Generation rules are expressed as extended Definite Clause Grammars (DCGs). These simultaneously generate the human-readable textual phrases together with the description logic (DL) equivalence axioms.

The basic form is:

x *--> y1, y2, ..., yn.

This rule states that terms of type x are written textually as the sequence of terms y1..yn, and that the class expression for the corresponding term is the intersection of the class expressions y1..yn.

(this can also be thought of in terms of an anatomical structure "x" that is repeated in the body, where y1, y2 etc are state matrix characters).

The symbols y1..yn may either be non-terminal or terminal. A non-terminal symbol must be accompanied by a separate grammar rule with the symbol on the left side. There are two forms of terminal symbol:

  • [Word] - a logically silent symbol, wrapped inside square brackets generates a phrase but not an expression. This is purely a grammatical convenience, it does not affect the logic.

  • @Atom - an ontology symbol, denoted using the @ functor, generates an ontology term. This can be thought of as an atomic unit.

A symbol can also be of the form 'Relation some Term'

For example, the following rule:

autopod *--> @autopod, [of], part_of some limb.

Generates phrases such as "autopod of left hindlimb", and class expressions such as "autopod and part_of some (hindlimb and left)". The [of] terminal generates part of the phrase but not the class expression. The "@autopod" indicates that there is a core generic ontology class by this name.

Compilation to DCGs

Grammar rules are compiled down prolog Definite Clause Grammars (DCGs). Arguments indicating class expressions are automatically added.

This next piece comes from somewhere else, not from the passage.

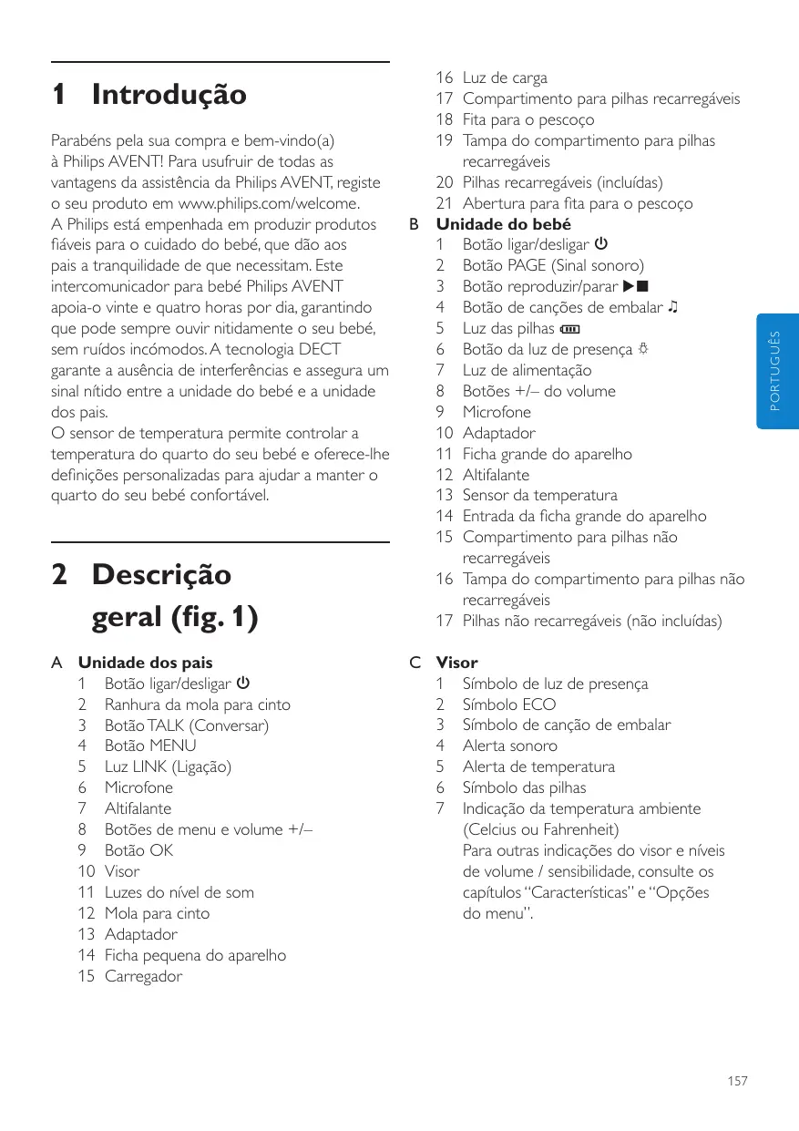 - • Det kan ta et par minutter før batterisymbolet vises på displayet på foreldreenheten når du lader foreldreenheten for første gang, eller hvis det er lenge siden enheten har vært i bruk. Parabéns pela sua compra e bem-vindo(a) à Philips AVENT! Para usufruir de todas as vantagens da assistência da Philips AVENT, registe o seu produto em www.philips.com/welcome. A Philips está empenhada em produzir produtos fiáveis para o cuidado do bebé, que dão aos pais a tranquilidade de que necessitam. Este intercomunicador para bebé Philips AVENT apoia-o vinte e quatro horas por dia, garantindo que pode sempre ouvir nitidamente o seu bebé, sem ruídos incómodos. A tecnologia DECT garante a ausência de interferências e assegura um sinal nítido entre a unidade do bebé e a unidade dos pais. O sensor de temperatura permite controlar a temperatura do quarto do seu bebé e oferece-lhe definições personalizadas para ajudar a manter o quarto do seu bebé confortável. 2 Descrição geral (fig. 1) A Unidade dos pais 1 Botão ligar/desligar 3 2 Ranhura da mola para cinto 3 Botão TALK (Conversar) 4 Botão MENU 5 Luz LINK (Ligação) 6 Microfone 7 Altifalante 8 Botões de menu e volume +/– 9 Botão OK 10 Visor 11 Luzes do nível de som 12 Mola para cinto 13 Adaptador 14 Ficha pequena do aparelho 15 Carregador

For example

x *--> y1, y2, ..., yn.

is compiled to:

x(Y1 and Y2 and ... and Yn) --> y1(Y1), y2(Y2), ..., yn(YN).

For example, the following grammar rule

autopod *--> @autopod, [of], part_of some limb_of.

is compiled to:

autopod(@autopod and part_of some X) --> [@autopod],[of],limb(X).

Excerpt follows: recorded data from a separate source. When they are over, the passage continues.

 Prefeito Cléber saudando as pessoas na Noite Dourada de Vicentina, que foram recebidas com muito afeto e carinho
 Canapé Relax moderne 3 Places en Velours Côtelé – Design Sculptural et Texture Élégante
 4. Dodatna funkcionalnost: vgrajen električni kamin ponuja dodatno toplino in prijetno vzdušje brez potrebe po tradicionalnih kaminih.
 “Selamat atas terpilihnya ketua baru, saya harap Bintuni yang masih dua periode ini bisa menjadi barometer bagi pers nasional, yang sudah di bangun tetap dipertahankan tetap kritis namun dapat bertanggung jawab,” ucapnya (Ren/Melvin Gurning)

The *--> construct is a syntactic convenience - the direct DCG form can be authored directly if preferred.

Other prolog DCG features such as including prolog goals with {}s can be freely mixed.

Examples

Example 2: naming

A grammar file can contain rules for contracting names such as "anterior limb autopod" to "hand":

'hand' is_name_of anterior limb autopod.
'foot' is_name_of posterior limb autopod.

Example 3: ordinal series

Iterative homology is the repeated generation of similar structures along some axis - e.g. digits or vertebrae.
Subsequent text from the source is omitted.